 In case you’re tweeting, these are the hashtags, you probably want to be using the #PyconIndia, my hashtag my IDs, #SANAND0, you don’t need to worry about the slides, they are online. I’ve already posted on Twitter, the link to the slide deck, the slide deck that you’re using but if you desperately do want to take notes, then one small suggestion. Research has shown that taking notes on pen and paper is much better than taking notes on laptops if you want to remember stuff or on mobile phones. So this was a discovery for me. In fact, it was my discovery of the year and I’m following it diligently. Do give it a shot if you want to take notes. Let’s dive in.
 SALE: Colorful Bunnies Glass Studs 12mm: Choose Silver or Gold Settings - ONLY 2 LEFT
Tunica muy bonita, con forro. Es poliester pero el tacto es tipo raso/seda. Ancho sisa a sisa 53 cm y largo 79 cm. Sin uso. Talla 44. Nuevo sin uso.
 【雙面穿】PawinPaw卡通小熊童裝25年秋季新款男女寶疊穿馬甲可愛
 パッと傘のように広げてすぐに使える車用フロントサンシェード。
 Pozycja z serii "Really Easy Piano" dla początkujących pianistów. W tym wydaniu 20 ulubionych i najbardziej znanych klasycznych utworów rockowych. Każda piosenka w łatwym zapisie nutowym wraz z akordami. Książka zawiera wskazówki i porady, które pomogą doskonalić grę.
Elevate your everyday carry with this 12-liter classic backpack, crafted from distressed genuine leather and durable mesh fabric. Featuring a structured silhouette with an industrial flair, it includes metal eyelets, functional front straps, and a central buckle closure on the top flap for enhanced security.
**********
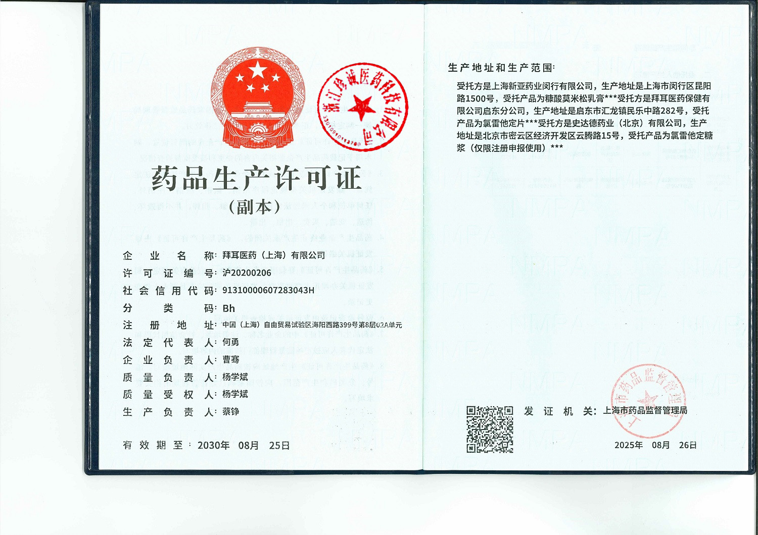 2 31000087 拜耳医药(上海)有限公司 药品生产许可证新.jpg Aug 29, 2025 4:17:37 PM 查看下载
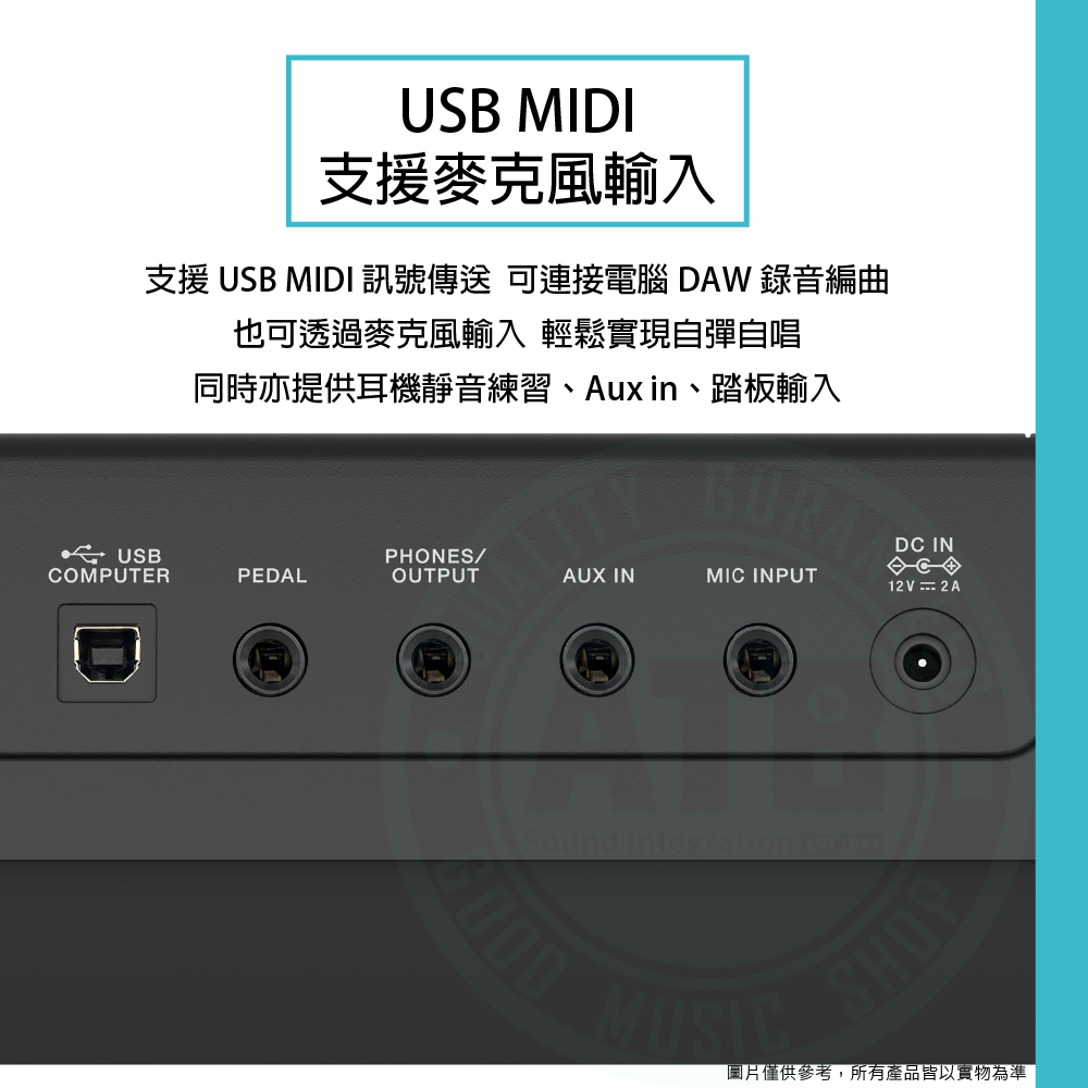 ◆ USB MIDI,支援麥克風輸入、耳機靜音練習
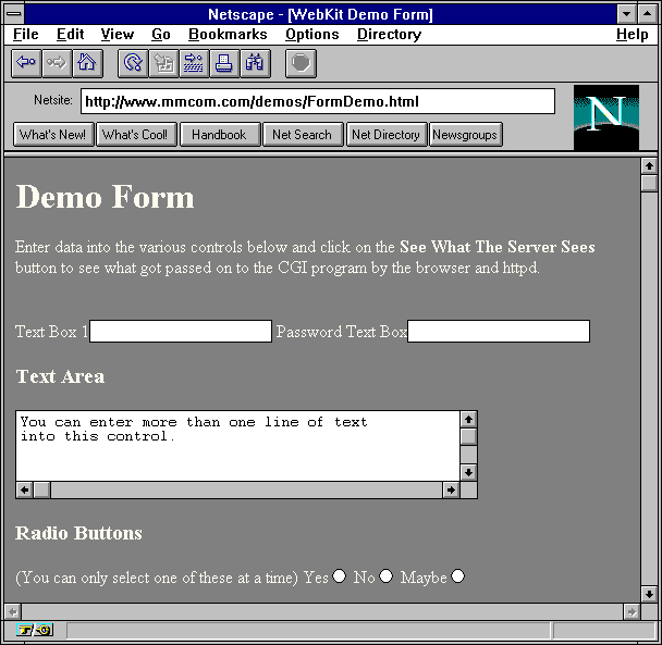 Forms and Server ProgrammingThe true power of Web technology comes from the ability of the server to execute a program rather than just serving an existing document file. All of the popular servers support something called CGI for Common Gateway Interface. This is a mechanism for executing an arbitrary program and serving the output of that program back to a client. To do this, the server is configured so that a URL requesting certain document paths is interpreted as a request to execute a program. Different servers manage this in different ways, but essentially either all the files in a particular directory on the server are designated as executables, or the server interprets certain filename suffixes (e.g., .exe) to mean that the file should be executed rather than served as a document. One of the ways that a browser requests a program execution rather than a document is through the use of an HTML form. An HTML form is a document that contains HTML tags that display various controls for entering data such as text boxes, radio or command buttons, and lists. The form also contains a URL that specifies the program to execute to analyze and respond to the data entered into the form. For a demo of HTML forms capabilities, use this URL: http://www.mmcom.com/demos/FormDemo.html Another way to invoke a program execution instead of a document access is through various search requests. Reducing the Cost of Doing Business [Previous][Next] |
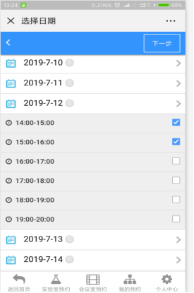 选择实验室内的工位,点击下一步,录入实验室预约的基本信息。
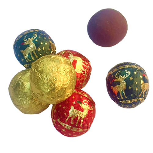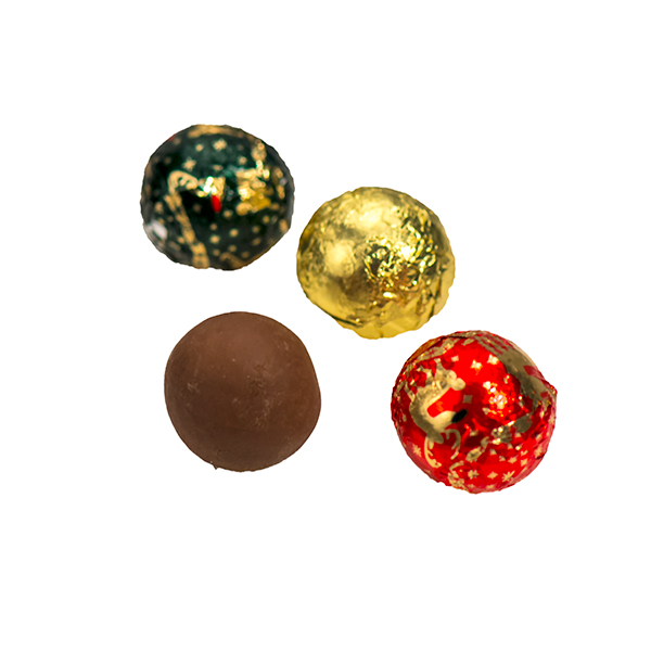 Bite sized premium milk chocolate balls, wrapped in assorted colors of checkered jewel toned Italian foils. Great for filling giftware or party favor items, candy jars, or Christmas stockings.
**********
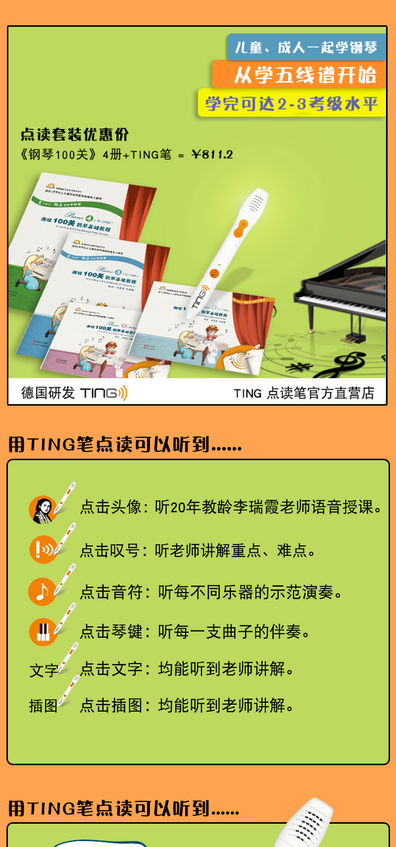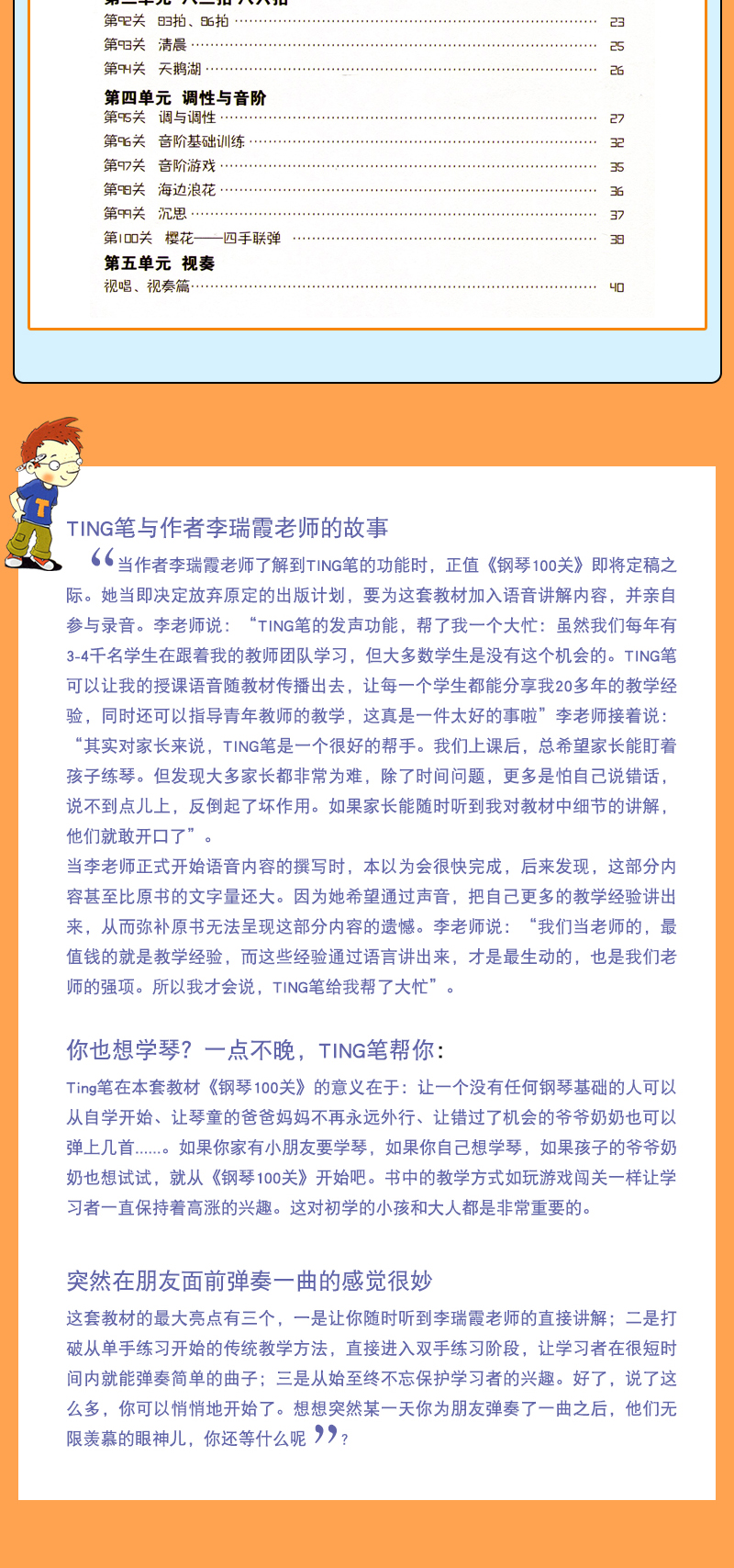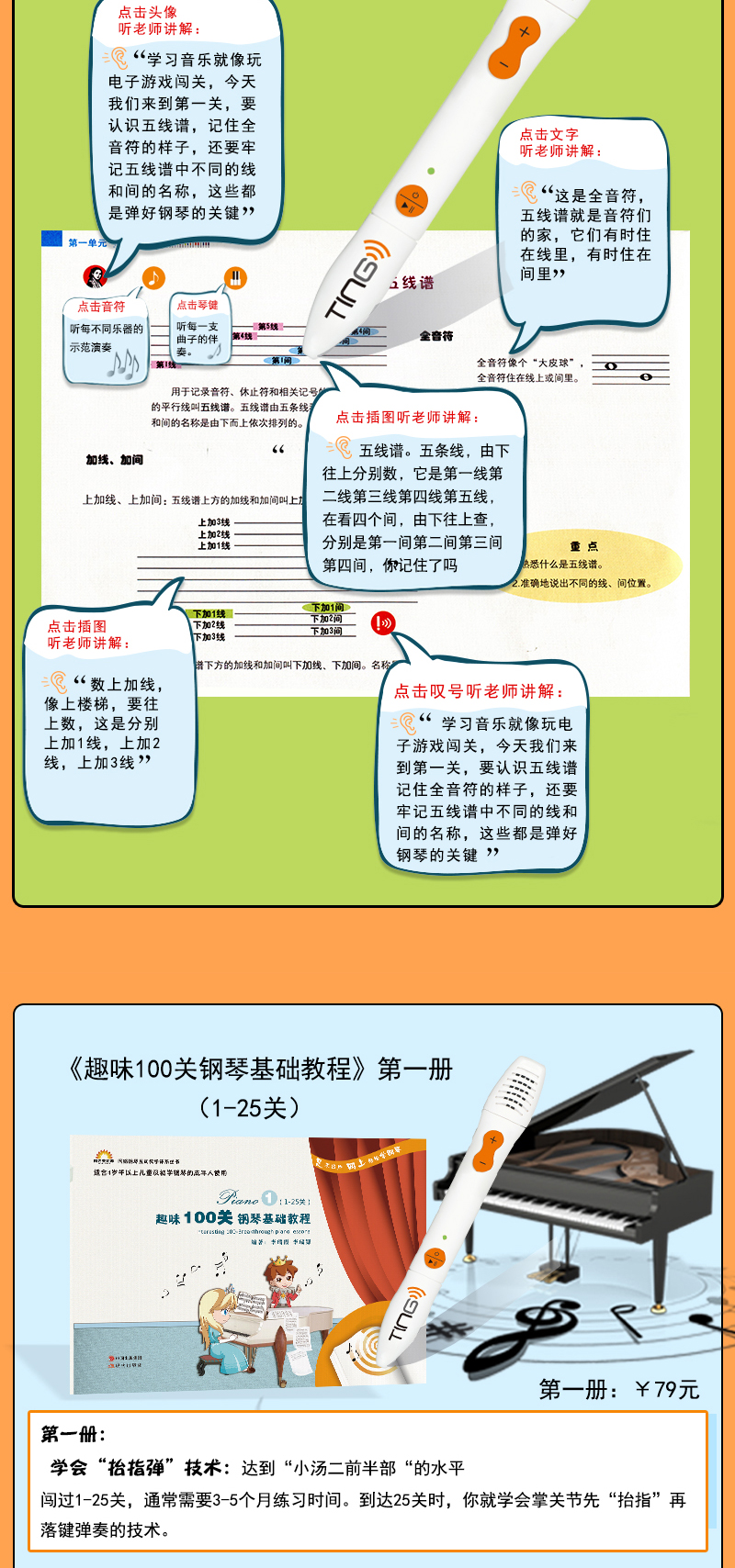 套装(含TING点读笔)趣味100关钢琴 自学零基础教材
**********
Directions for this task >> Print, from the entries above, the line with "SALE: Colorful Bunnies", the line with "Tunica muy bonita, con" and all lines between them, exactly and with nothing else.

Exercise response >>
 SALE: Colorful Bunnies Glass Studs 12mm: Choose Silver or Gold Settings - ONLY 2 LEFT
Tunica muy bonita, con forro. Es poliester pero el tacto es tipo raso/seda. Ancho sisa a sisa 53 cm y largo 79 cm. Sin uso. Talla 44. Nuevo sin uso.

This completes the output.